Former WCW, World Class and NWA star "Gorgeous" Jimmy Garvin is among the many pro wrestling stars with their own web presence. He's also among the hordes of wrestling stars using his corner of cyberspace to sell merchandise such as autographed photos and T-shirts.

Pretty standard stuff, really. Except for one item: the Behind the Scenes at the Bash DVD. I noticed this gem on my first perusal of Garvin's web site, and bought it immediately. 

Behind the Scenes at the Bash is a fun, unique look at a bunch of 1980s NWA superstars letting their guard down and having fun in the locker room. The footage was originally shot by Garvin personally, with his own camera. Judging by the atmosphere of the footage - and by one comment Garvin makes to Arn Anderson on the DVD - the original purpose

of the video was to create a memento "for the boys," to document all the good times they had on the road, traveling with Jim Crockett's promotion during the Great American Bash.

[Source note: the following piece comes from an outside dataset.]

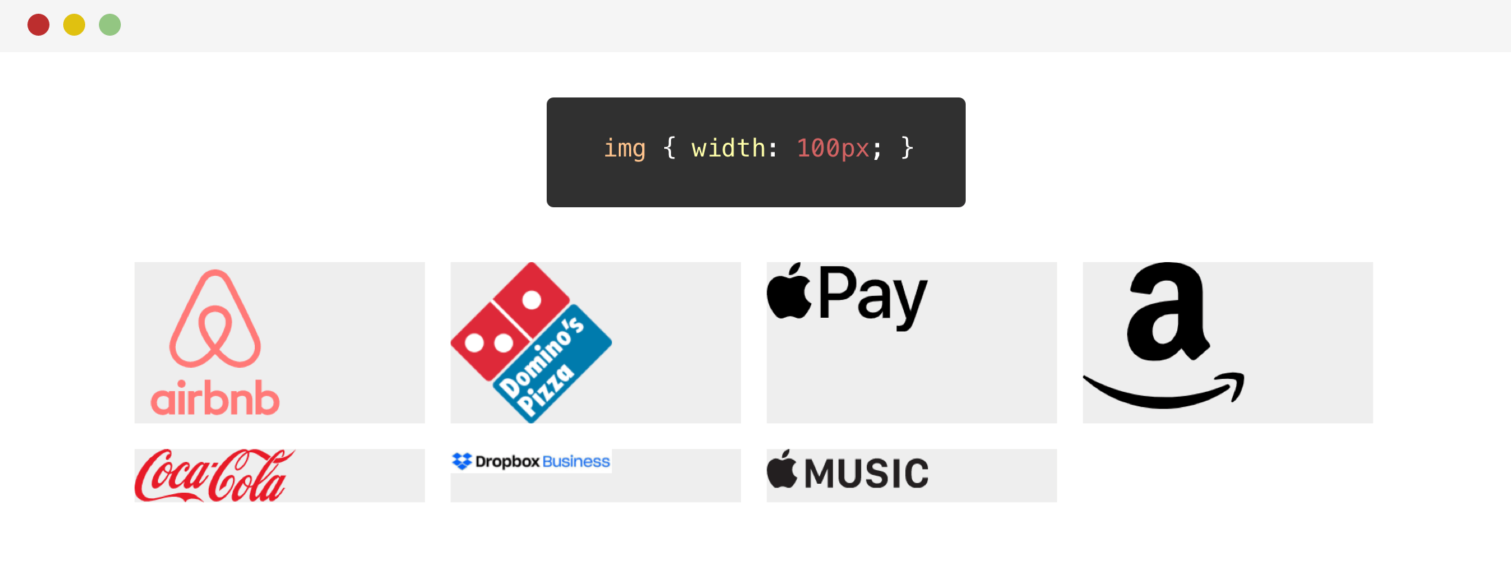 As you see, the result is that each logo is taking the full width of its parent element. The logos sizes are not consistent. As an initial step, let’s try adding a width for them.

As such, there appears to be little to no kayfabing on the DVD. The wrestlers are being themselves, for their own entertainment, never assuming this would be seen by the fans. Remember, this was 1987. Kayfabe was alive and well, and fans were NEVER supposed to see the wrestlers behaving like normal human beings. Especially when you consider the babyfaces and heels were intermingling, the language was foul, and at one point, Garvin extensively documents Road Warriors Animal and Hawk taping their blades into their wristbands so they could get color in that night's match. Hawk and Animal even provided running commentary describing what they were doing, which obviously would have constituted "exposing the business" back then. But only if the "marks" got their hands on the footage. Which, as far as they knew, would never happen.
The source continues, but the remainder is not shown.